__EXTRACTED RECORDS__
********************
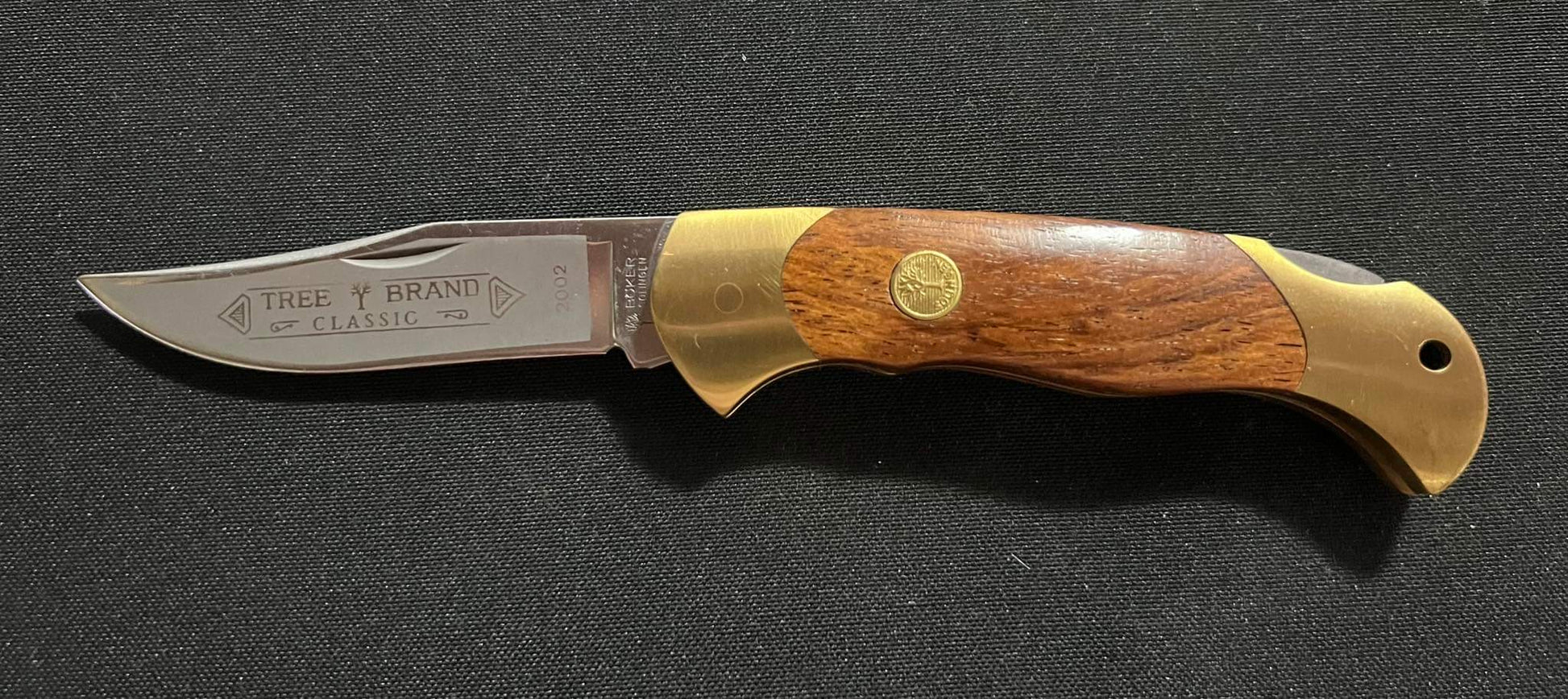 Navaja Boker Scout, Hecha en Solingen Alemania, 7.2 pulgadas largo total, Acero Inoxidable, Cachas de Madera de Palo de Rosa.
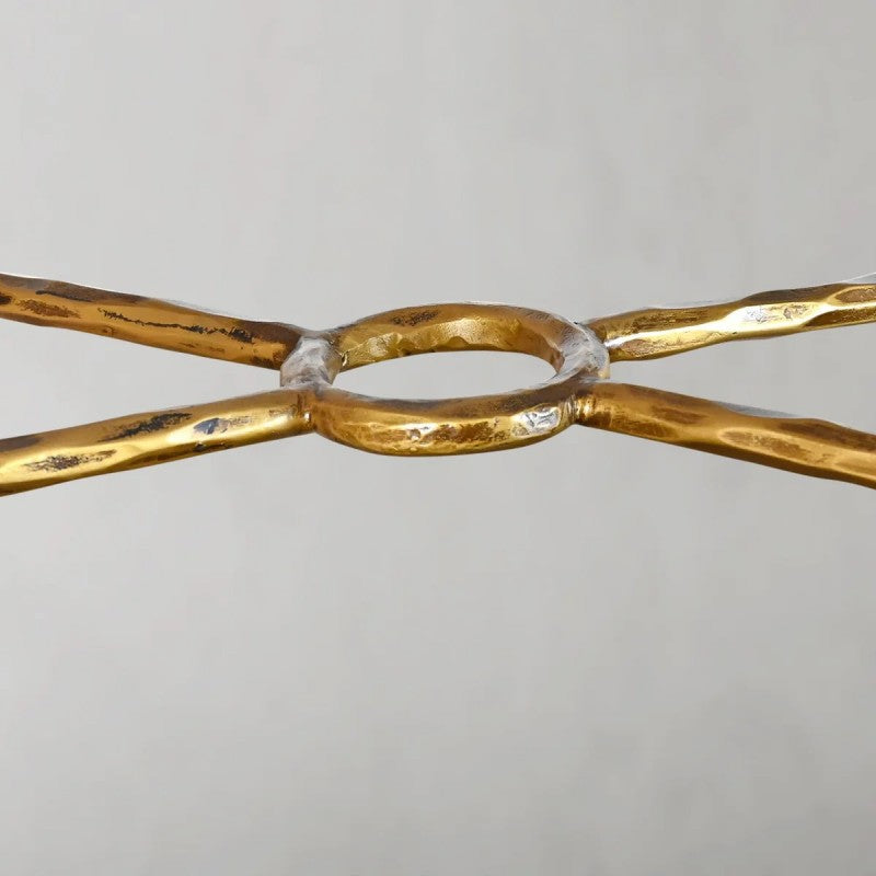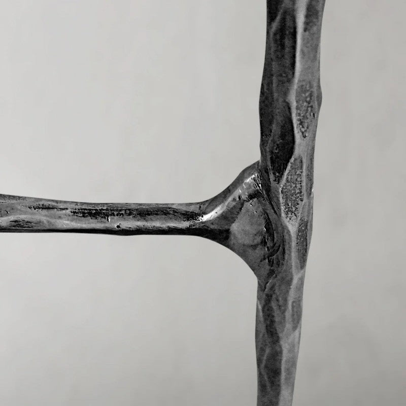Our collection by the rustic sensibility of hand-forged metal with clean tempered glass. Employing an ancient fabrication process, artisans hand hammer the metal bars to reveal an alive, imperfect and organic texture. The pounded, tapered silhouettes are a rich counterpoint to the smooth, honed stone.
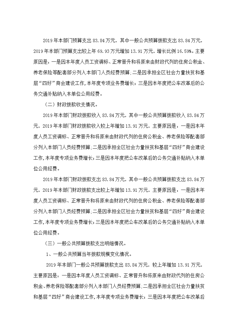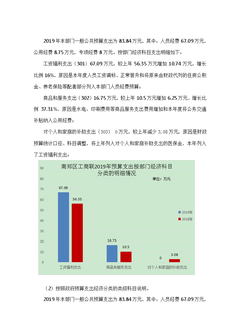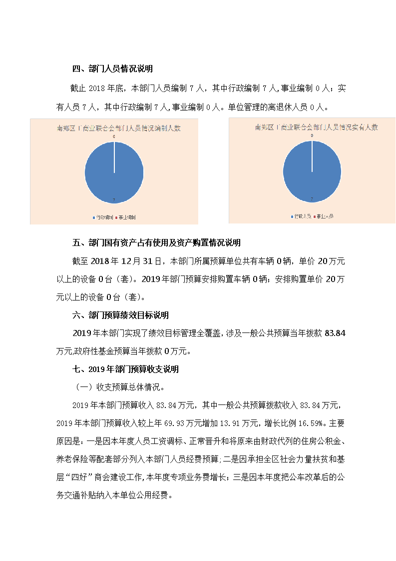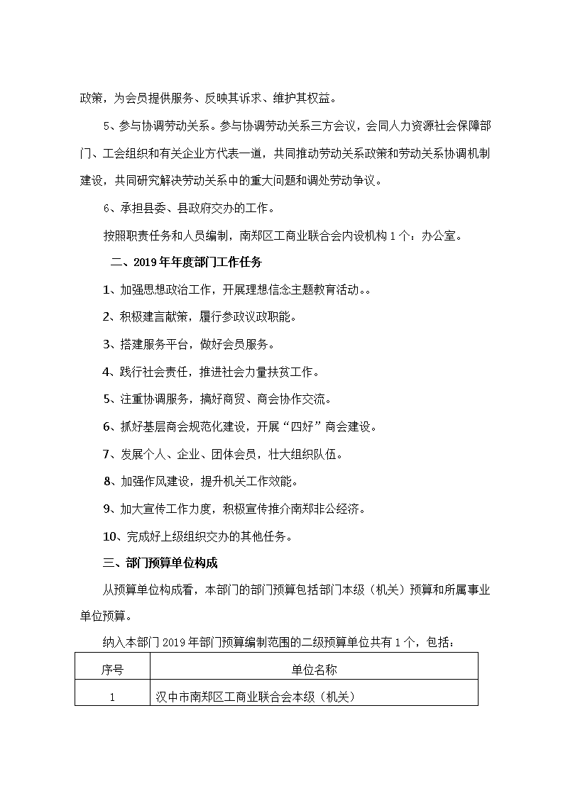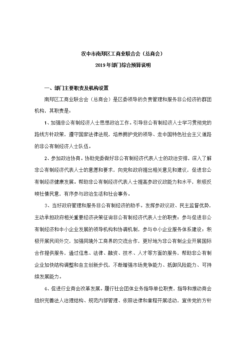 汉中市南郑区工商业联合会(总商会)2019年部门综合预算说明
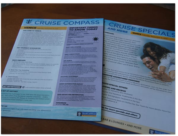 ドレッサーの上には、予約していたエクスカーションのチケットとクルーズコンパスが用意されていました。
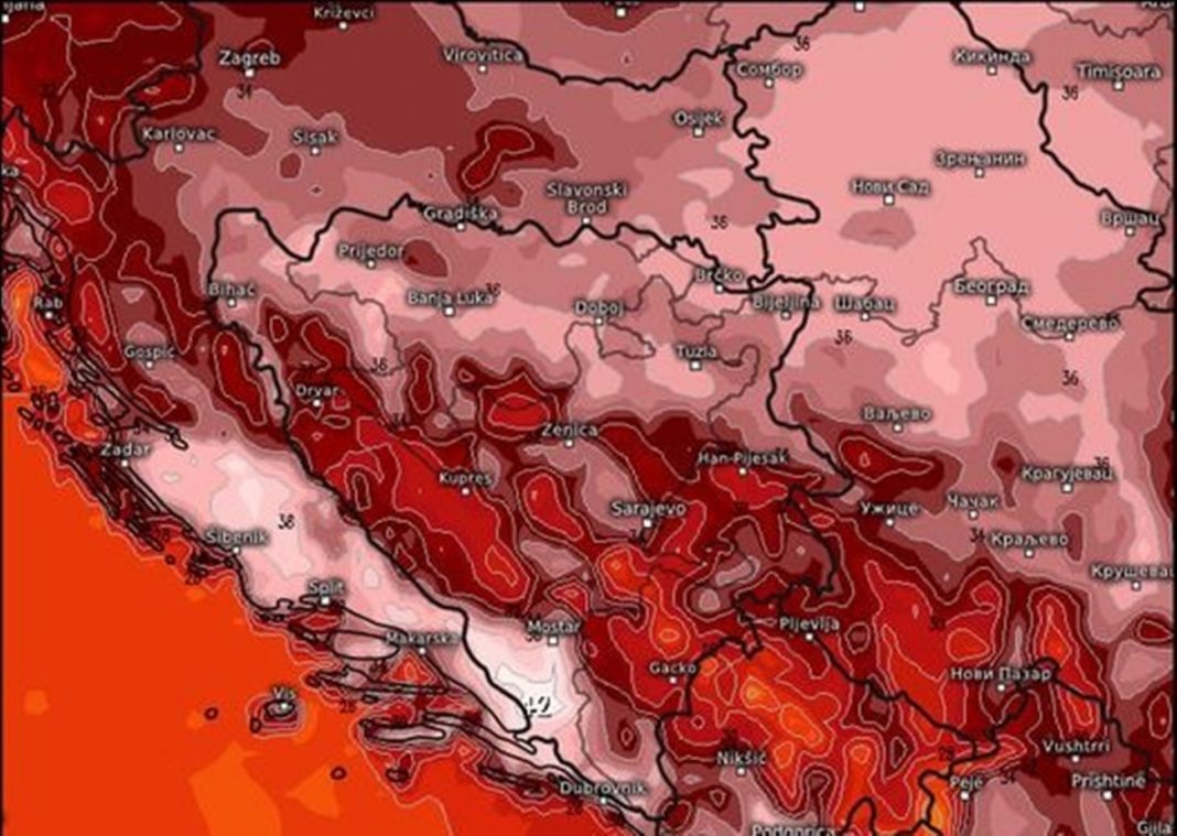 “Vrhunac nadolazećih vrućina očekuje nas u četvrtak i petak sa temperaturama između 34 i 39°C, na jugu i sjeveru zemlje mjestimično do 41°C”, javlja BHMeteo.
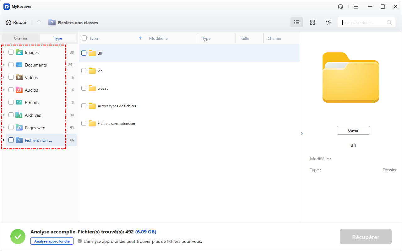Étape 3. Parcourez les fichiers récupérables par type après l'analyse. Prévisualisez-les et sélectionnez ceux à récupérer.
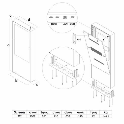Kültéri digitális totem Standard Samsung 55 monitorral, fekete, időjárásálló
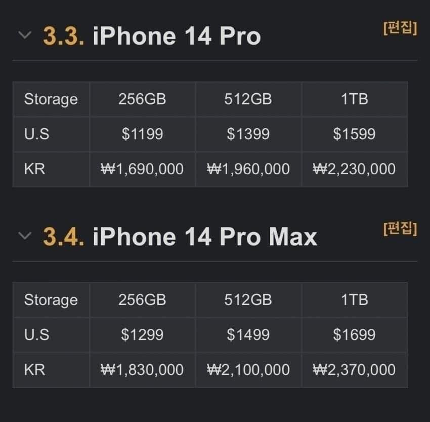 - 아이폰 14 PRO MAX의 저장 용량은 256GB, 512GB, 1TB 로 예상되며, 가격은 1,299 달러(약 1,830,000원)에서 시작할 것이라고 예상됩니다.
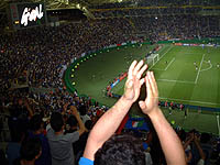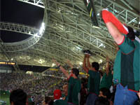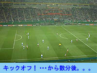 さぁ!試合が始まった!! キックオフのとき、カメラのフラッシュでスタンドがきれいですよね。俺もあれに参加しました。ただ、ちょっとタイミングは遅い。キックオフのときにデジカメの電源が入ってなかったのがマズかった。。。 |
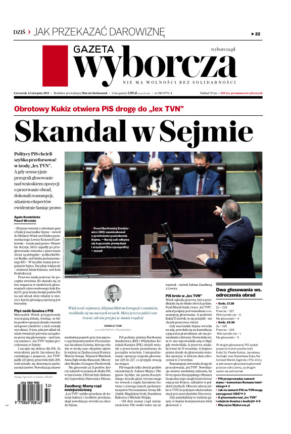 Gazeta Wyborcza (wyd. Stołeczna) 186 (12.08.2021)
********************
__TASK REQUIREMENTS__
With pictures excluded, restate word for word the lines from the one that contains "汉中市南郑区工商业联合会(总商会)2019年部门综合预算说明" through the end of the material, inclusive, and nothing more.

__EXPECTED ANSWER__
 汉中市南郑区工商业联合会(总商会)2019年部门综合预算说明
 ドレッサーの上には、予約していたエクスカーションのチケットとクルーズコンパスが用意されていました。
 “Vrhunac nadolazećih vrućina očekuje nas u četvrtak i petak sa temperaturama između 34 i 39°C, na jugu i sjeveru zemlje mjestimično do 41°C”, javlja BHMeteo.
Étape 3. Parcourez les fichiers récupérables par type après l'analyse. Prévisualisez-les et sélectionnez ceux à récupérer.
Kültéri digitális totem Standard Samsung 55 monitorral, fekete, időjárásálló
 - 아이폰 14 PRO MAX의 저장 용량은 256GB, 512GB, 1TB 로 예상되며, 가격은 1,299 달러(약 1,830,000원)에서 시작할 것이라고 예상됩니다.
 さぁ!試合が始まった!! キックオフのとき、カメラのフラッシュでスタンドがきれいですよね。俺もあれに参加しました。ただ、ちょっとタイミングは遅い。キックオフのときにデジカメの電源が入ってなかったのがマズかった。。。 |
 Gazeta Wyborcza (wyd. Stołeczna) 186 (12.08.2021)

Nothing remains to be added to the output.